WHAT YOU SHOULD DO: Return all the lines below exactly. Any picture among them is omitted.

MATERIAL PROVIDED:
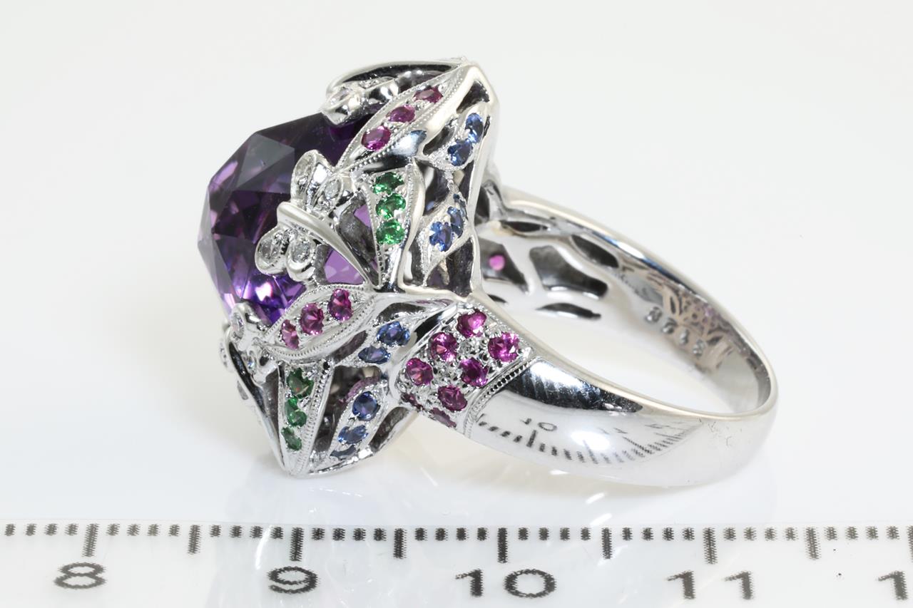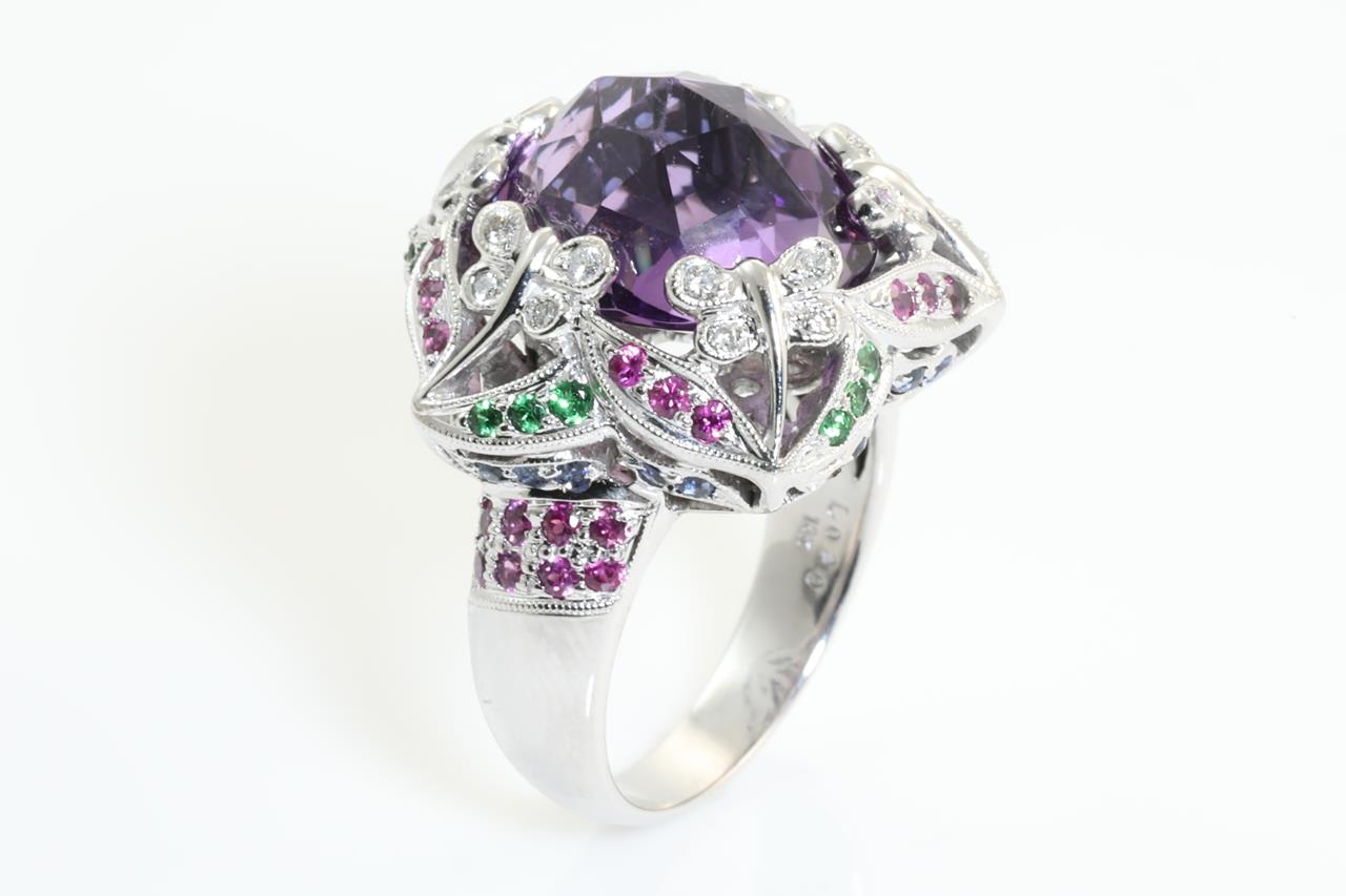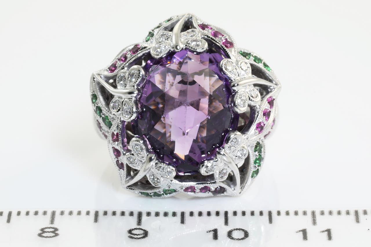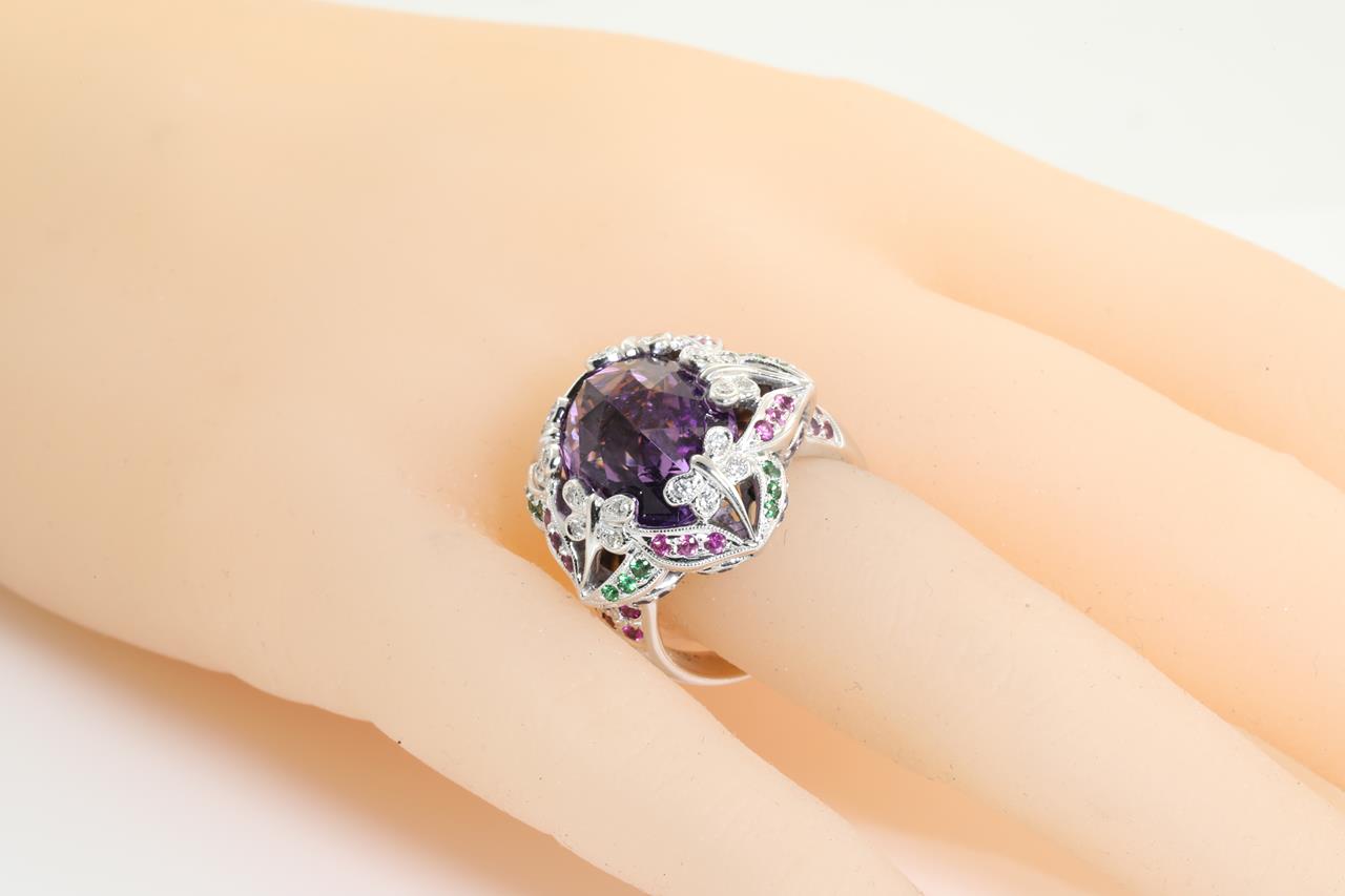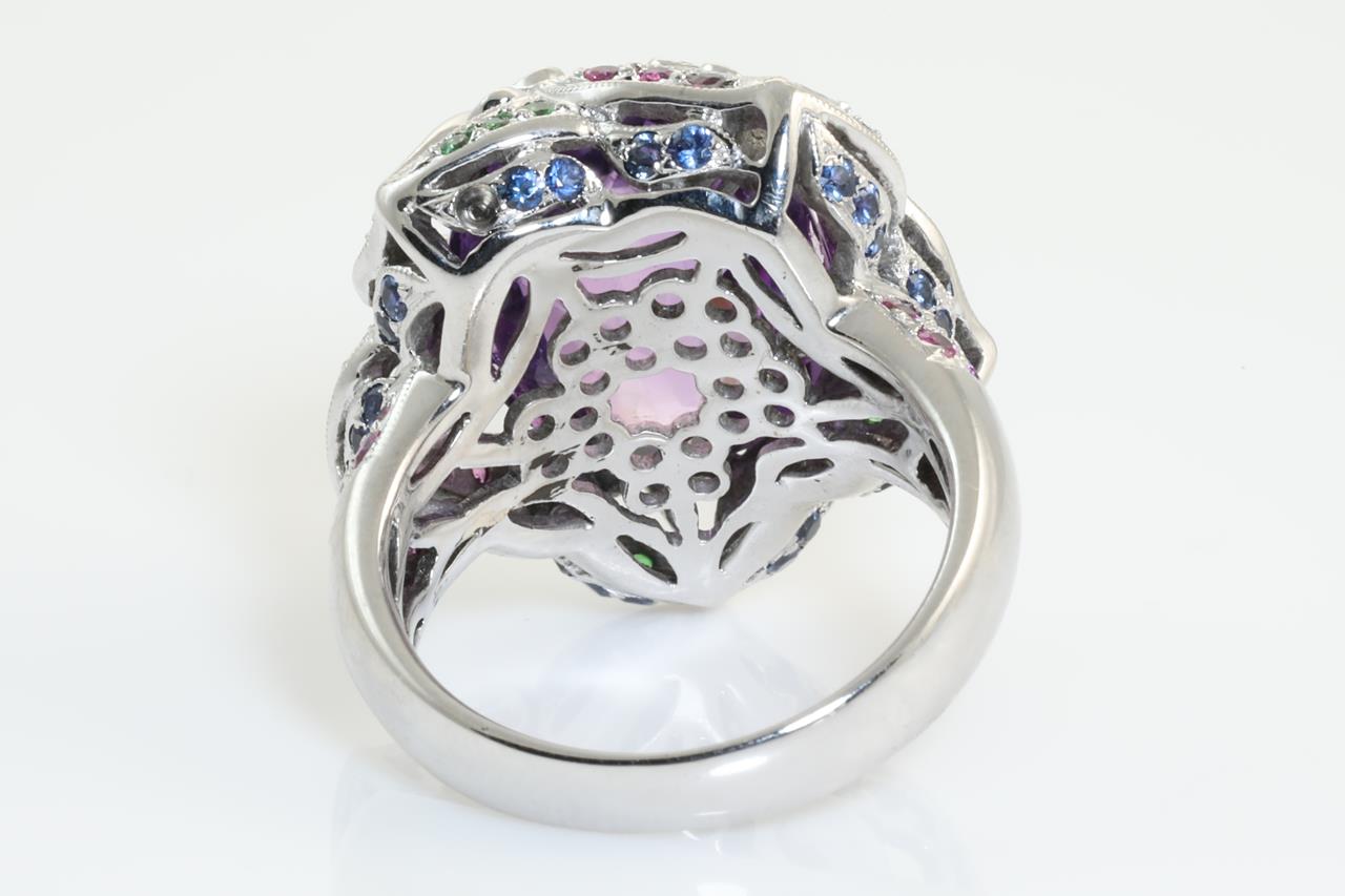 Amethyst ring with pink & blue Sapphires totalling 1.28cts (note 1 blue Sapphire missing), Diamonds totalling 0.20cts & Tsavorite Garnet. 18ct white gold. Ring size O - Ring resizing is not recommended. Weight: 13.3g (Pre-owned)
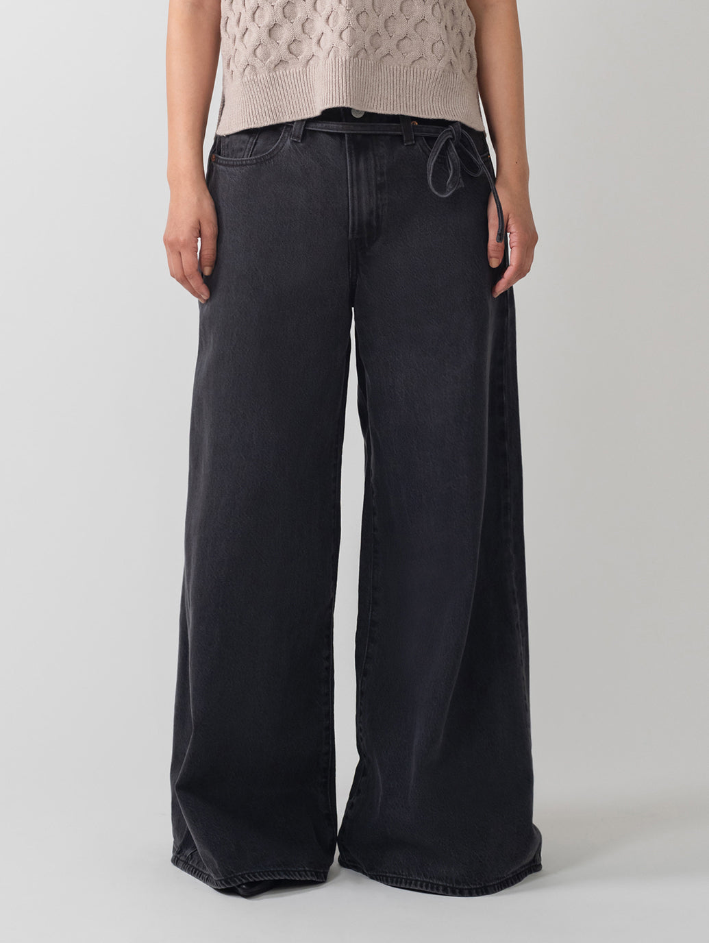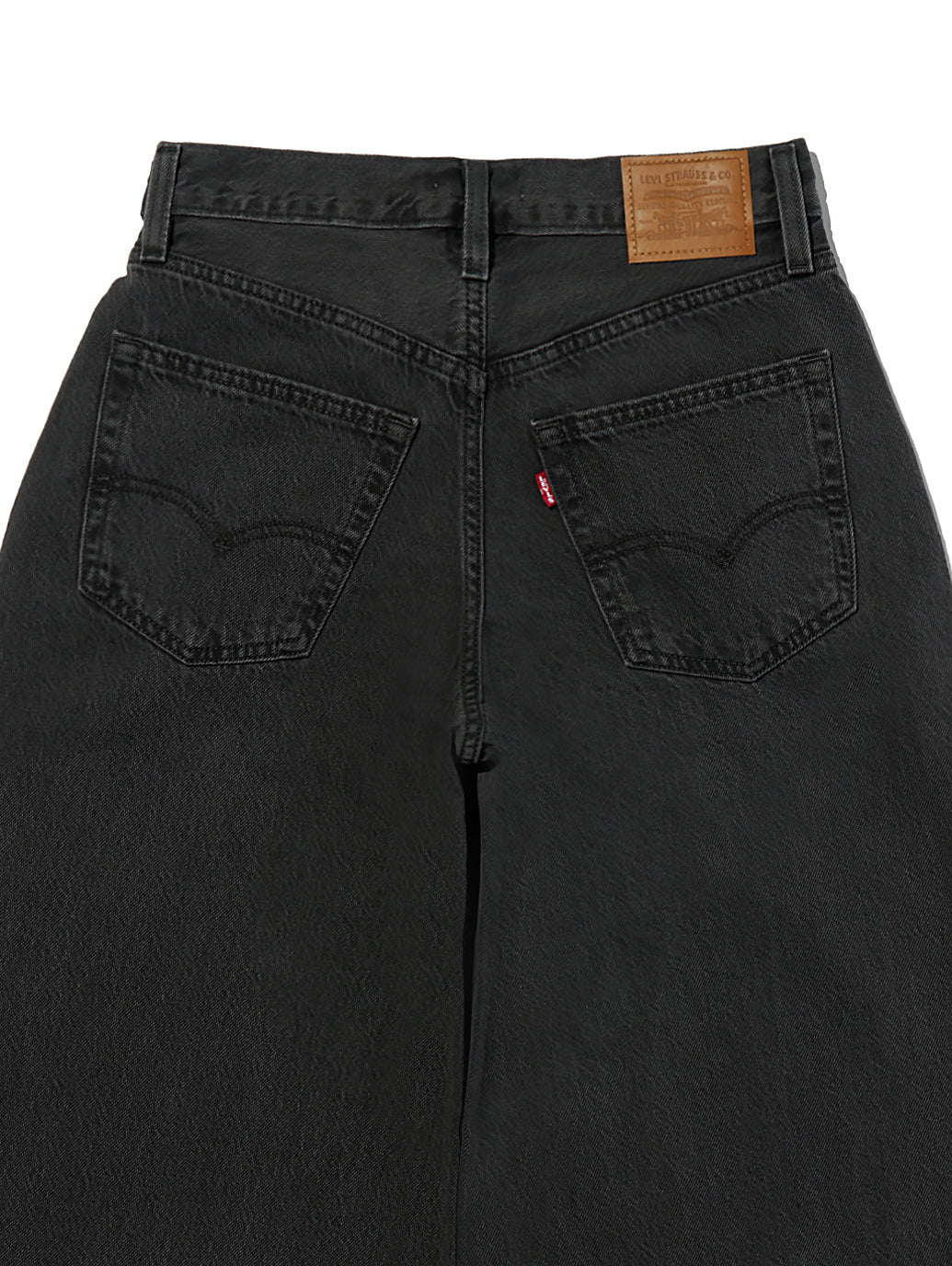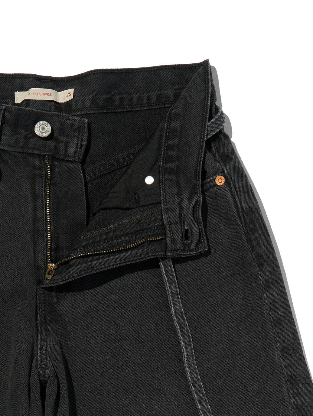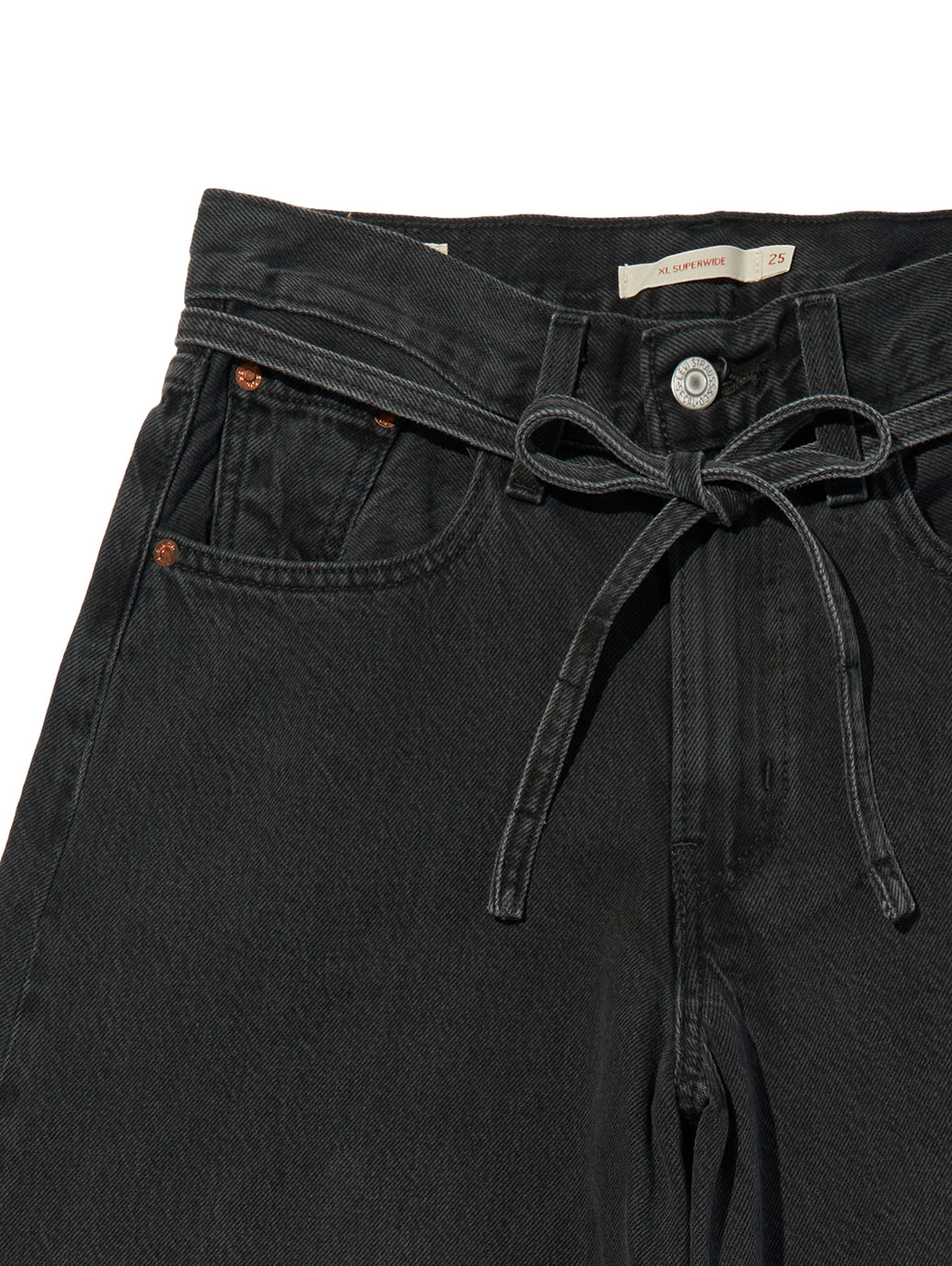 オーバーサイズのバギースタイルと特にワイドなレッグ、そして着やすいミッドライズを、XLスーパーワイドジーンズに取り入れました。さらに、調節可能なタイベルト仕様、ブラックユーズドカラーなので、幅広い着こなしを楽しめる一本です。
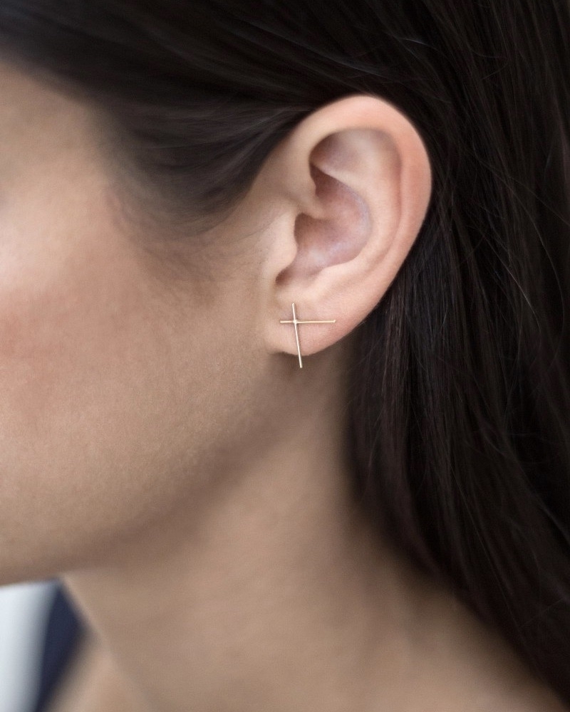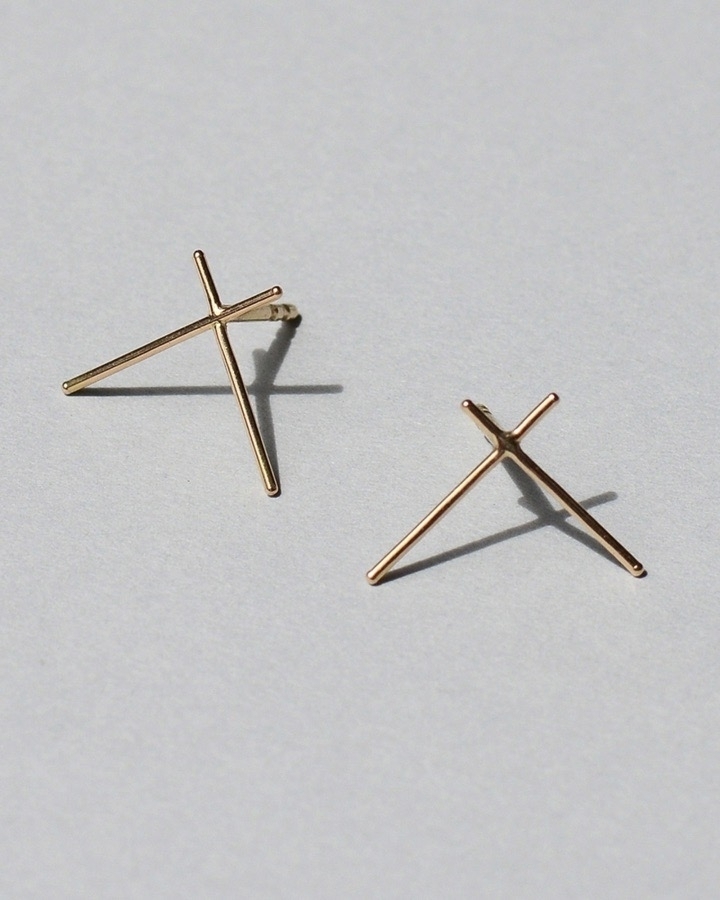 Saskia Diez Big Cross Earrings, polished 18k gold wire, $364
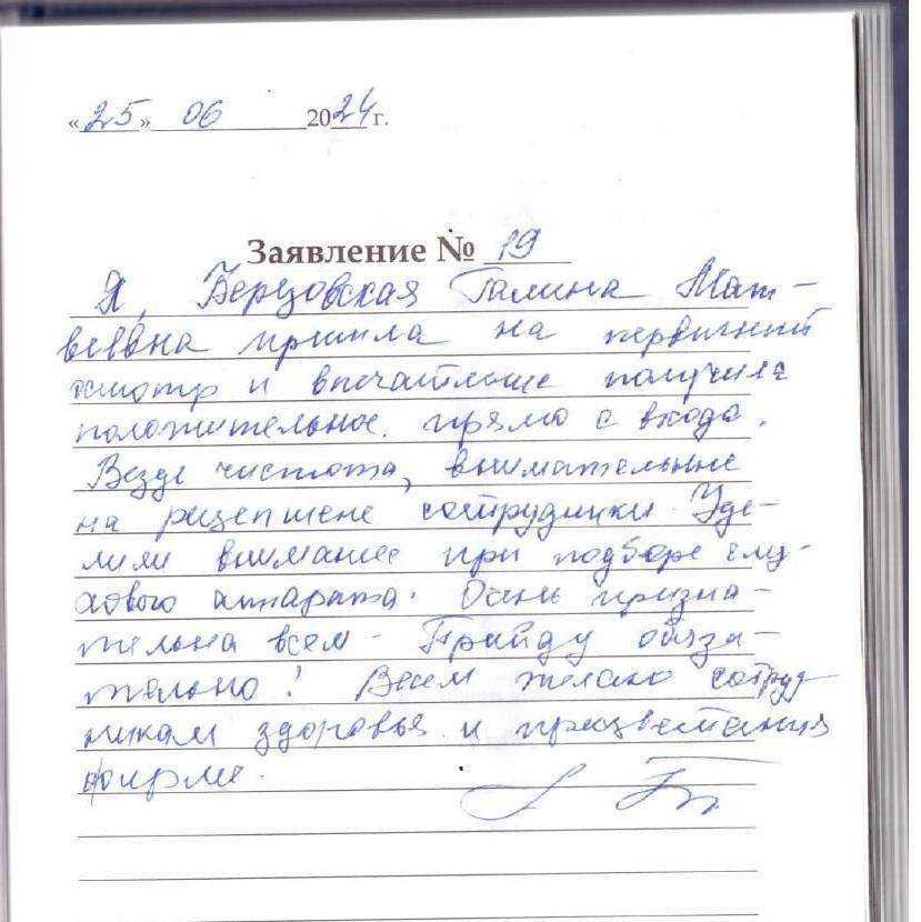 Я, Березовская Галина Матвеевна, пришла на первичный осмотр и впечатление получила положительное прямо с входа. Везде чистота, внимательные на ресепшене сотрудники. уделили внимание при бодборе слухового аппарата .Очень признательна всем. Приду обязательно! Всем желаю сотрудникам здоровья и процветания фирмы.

EXERCISE RESPONSE:
 Amethyst ring with pink & blue Sapphires totalling 1.28cts (note 1 blue Sapphire missing), Diamonds totalling 0.20cts & Tsavorite Garnet. 18ct white gold. Ring size O - Ring resizing is not recommended. Weight: 13.3g (Pre-owned)
 オーバーサイズのバギースタイルと特にワイドなレッグ、そして着やすいミッドライズを、XLスーパーワイドジーンズに取り入れました。さらに、調節可能なタイベルト仕様、ブラックユーズドカラーなので、幅広い着こなしを楽しめる一本です。
 Saskia Diez Big Cross Earrings, polished 18k gold wire, $364
 Я, Березовская Галина Матвеевна, пришла на первичный осмотр и впечатление получила положительное прямо с входа. Везде чистота, внимательные на ресепшене сотрудники. уделили внимание при бодборе слухового аппарата .Очень признательна всем. Приду обязательно! Всем желаю сотрудникам здоровья и процветания фирмы.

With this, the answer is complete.